▶ [Prompt]:
Look for the line containing "北欧风秋冬季A类80s支全棉纯色加厚磨毛四件套纯棉床上用" and the line containing "秋冬の新フレンチレトロクロスデザイン長袖ニットトップタイトフィットと痩身ヒップスカートスーツ ロング オータム" in the entries below. Copy those two and all lines between them exactly, leaving out pictures.

▶ [Study material]:

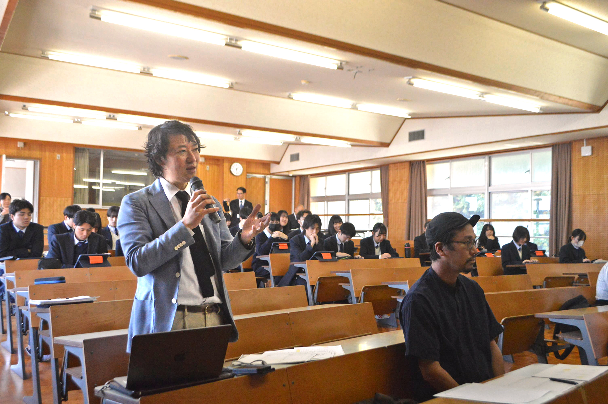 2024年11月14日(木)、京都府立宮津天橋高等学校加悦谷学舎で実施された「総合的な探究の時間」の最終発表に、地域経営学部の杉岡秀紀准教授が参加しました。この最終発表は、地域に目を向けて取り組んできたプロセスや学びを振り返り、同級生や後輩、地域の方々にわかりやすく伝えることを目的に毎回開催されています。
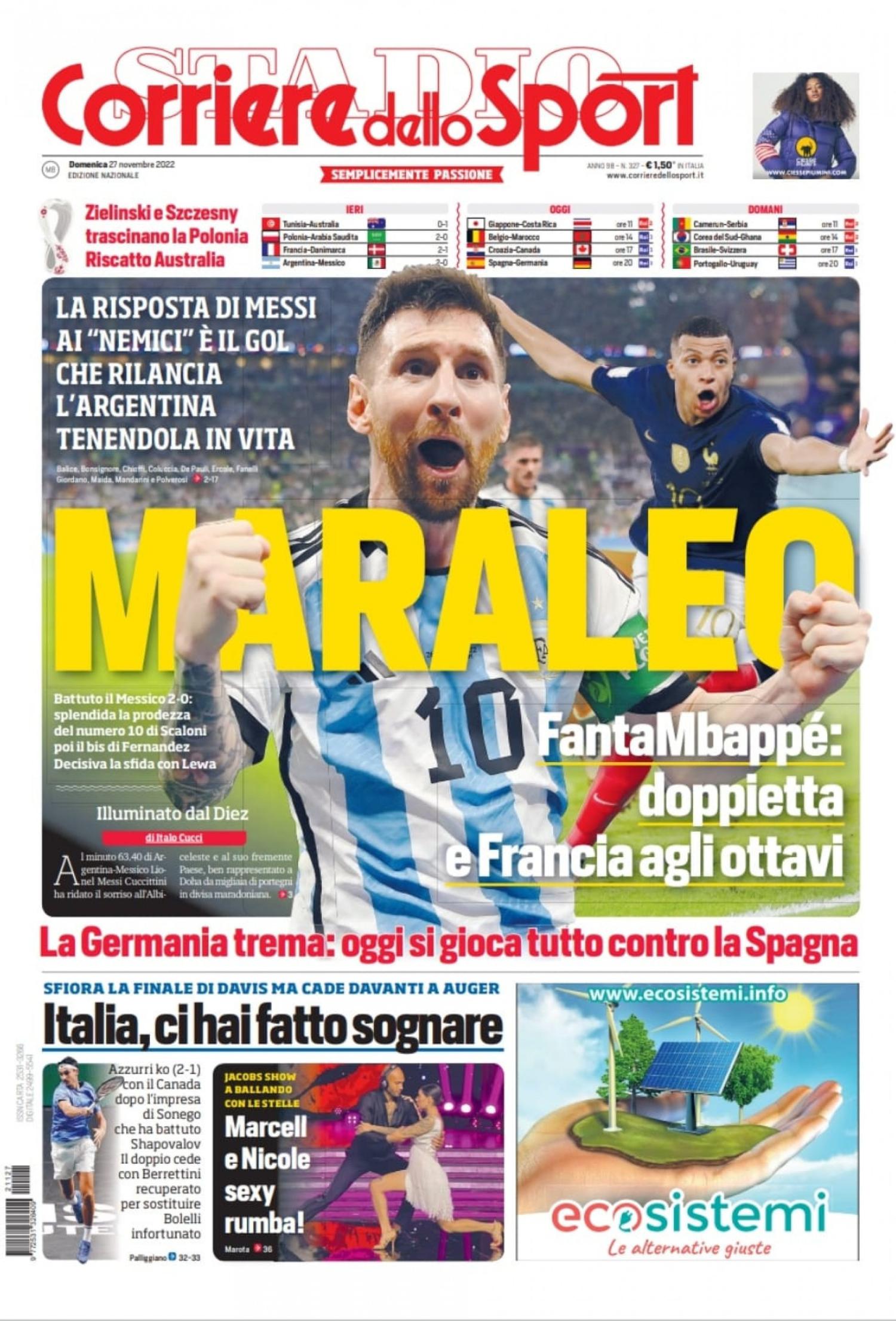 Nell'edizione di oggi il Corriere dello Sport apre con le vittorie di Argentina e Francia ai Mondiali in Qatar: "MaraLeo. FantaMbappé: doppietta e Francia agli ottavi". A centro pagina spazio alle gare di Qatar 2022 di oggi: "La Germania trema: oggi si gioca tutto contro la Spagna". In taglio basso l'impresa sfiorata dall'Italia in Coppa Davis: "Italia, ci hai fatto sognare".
---
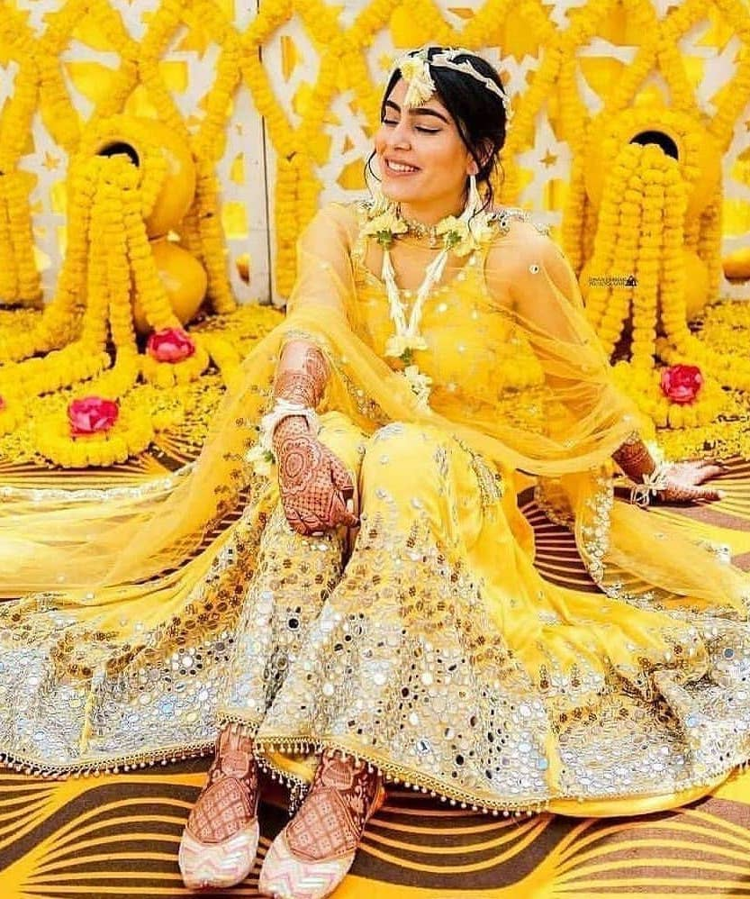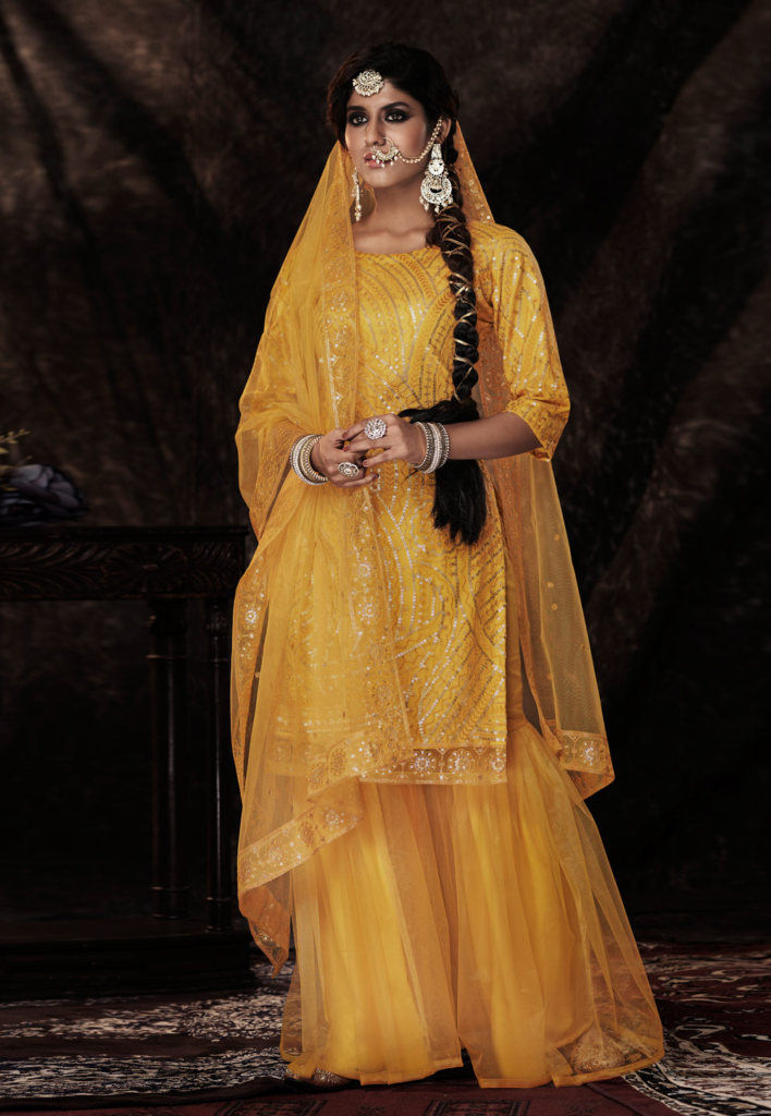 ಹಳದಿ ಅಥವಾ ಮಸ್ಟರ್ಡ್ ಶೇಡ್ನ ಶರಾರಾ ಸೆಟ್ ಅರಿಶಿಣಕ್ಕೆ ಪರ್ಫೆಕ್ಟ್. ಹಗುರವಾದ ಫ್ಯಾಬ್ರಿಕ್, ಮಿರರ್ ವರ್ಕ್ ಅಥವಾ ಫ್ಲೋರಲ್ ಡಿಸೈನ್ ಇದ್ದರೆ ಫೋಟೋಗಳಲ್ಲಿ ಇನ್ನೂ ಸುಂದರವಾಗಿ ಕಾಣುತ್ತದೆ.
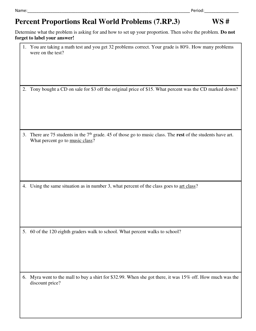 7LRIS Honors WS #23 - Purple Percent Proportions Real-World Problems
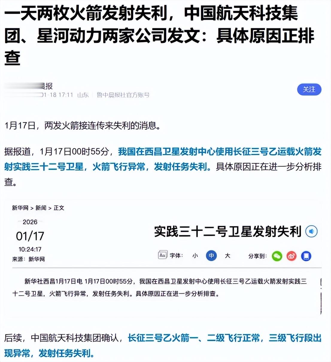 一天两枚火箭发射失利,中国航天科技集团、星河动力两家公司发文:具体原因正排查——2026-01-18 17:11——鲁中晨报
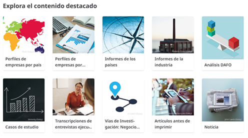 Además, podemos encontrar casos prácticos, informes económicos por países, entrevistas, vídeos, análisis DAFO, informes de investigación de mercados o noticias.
==
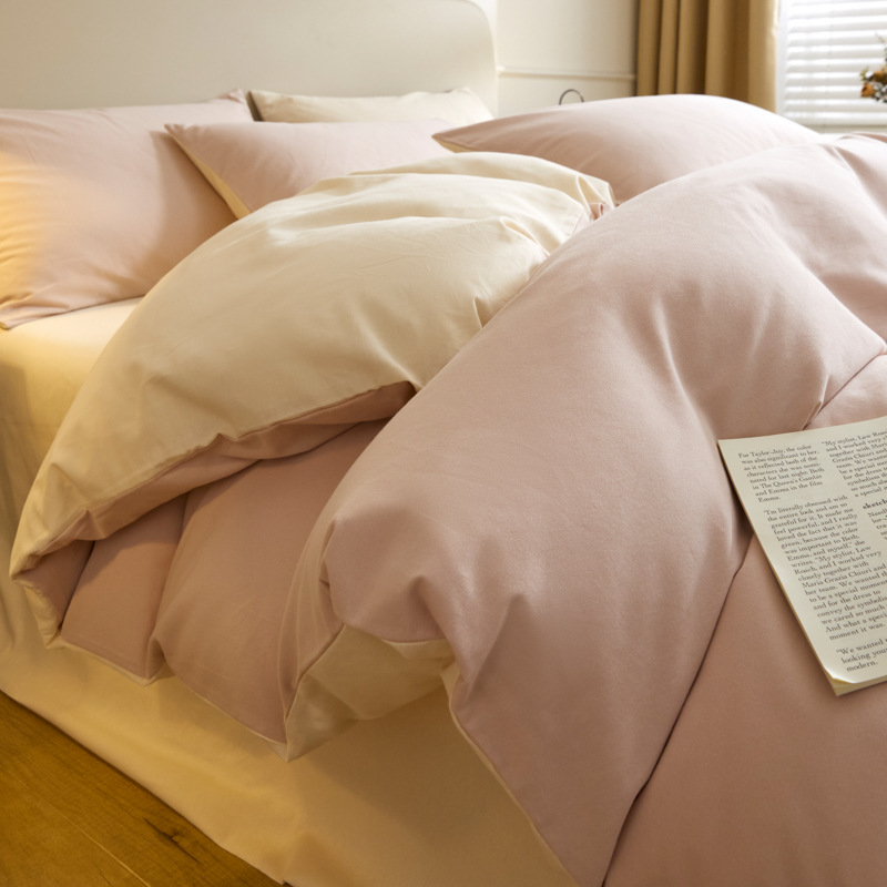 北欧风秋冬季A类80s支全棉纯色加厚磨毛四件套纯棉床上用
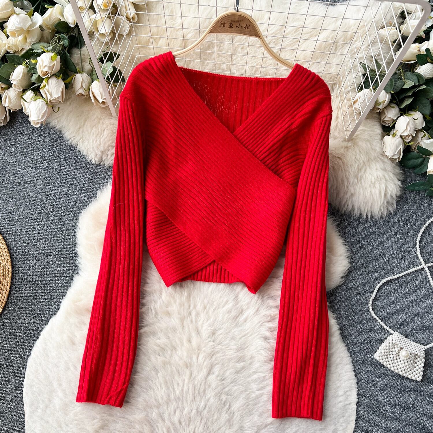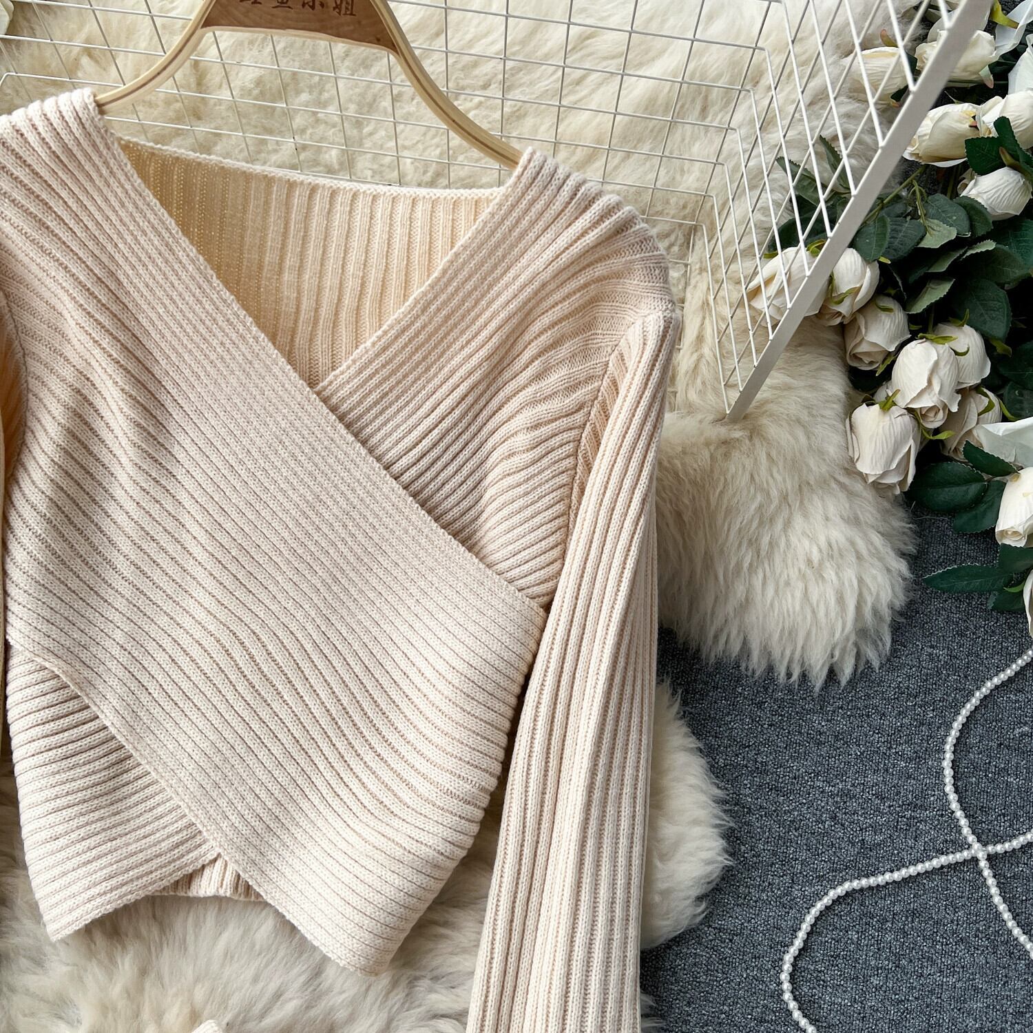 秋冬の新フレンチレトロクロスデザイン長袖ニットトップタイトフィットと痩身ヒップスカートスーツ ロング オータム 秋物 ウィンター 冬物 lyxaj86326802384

▶ [Reply]:
 北欧风秋冬季A类80s支全棉纯色加厚磨毛四件套纯棉床上用
 秋冬の新フレンチレトロクロスデザイン長袖ニットトップタイトフィットと痩身ヒップスカートスーツ ロング オータム 秋物 ウィンター 冬物 lyxaj86326802384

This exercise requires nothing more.